People are already throwing excuses at it: ‘it’s not meant to have a point, it’s just throwaway fun’, and ‘it’s quirky and cute, that’s all that matters’. And that’s all they are: excuses. Noby Noby Boy has been in development since at least mid-2007, and the result of this endeavour is a lurching monstrosity of an engine that can’t load a tiny, textureless patch of land faster than Fallout’s immense, post-apocalyptic landscape, a terrible control set with barely a grain of thought behind its layout and an experience ripe for interesting quirks that tantalises but never lets you touch.

At £3.19 it’s unlikely to make you feel desperately robbed of your cash, and it at least admits its incomprehensibility right off the bat, even if it’s less willing to acknowledge its many technical issues and design faults.

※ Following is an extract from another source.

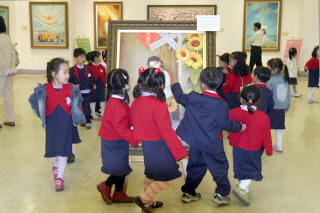 从美术展开馆的第一天起,就有许多职员和市民来参观。有好几个幼儿园还组织小朋友们集体来观展,从而了解了中共江氏集团镇压法轮功的真象。特别是临近的一所小学的学生们利用自习时间来到展览厅,他们的班主任老师还留了作业,写展览的观后感。学员向孩子们介绍了法轮功,功法给孩子们留下了深刻的印象。

If scooting your ass away from your body and farting out bicycles sounds like the greatest use of your time since discovering the pin number for the locked channels on Sky, then by all means spend your money and be entertained. Just don’t expect the fun to last long, or for the global progression to bring anything new to the table.

Verdict
Big on charm but small on everything else. At a miniscule price point you might as well give it a whirl if the fancy takes you, but hopping on Youtube will tell you everything you need to know within a minute. As much as it wishes to rank itself amongst the elite of quirky gaming, it misses the point entirely by not even having one. With no substance behind the style, it is a missed opportunity.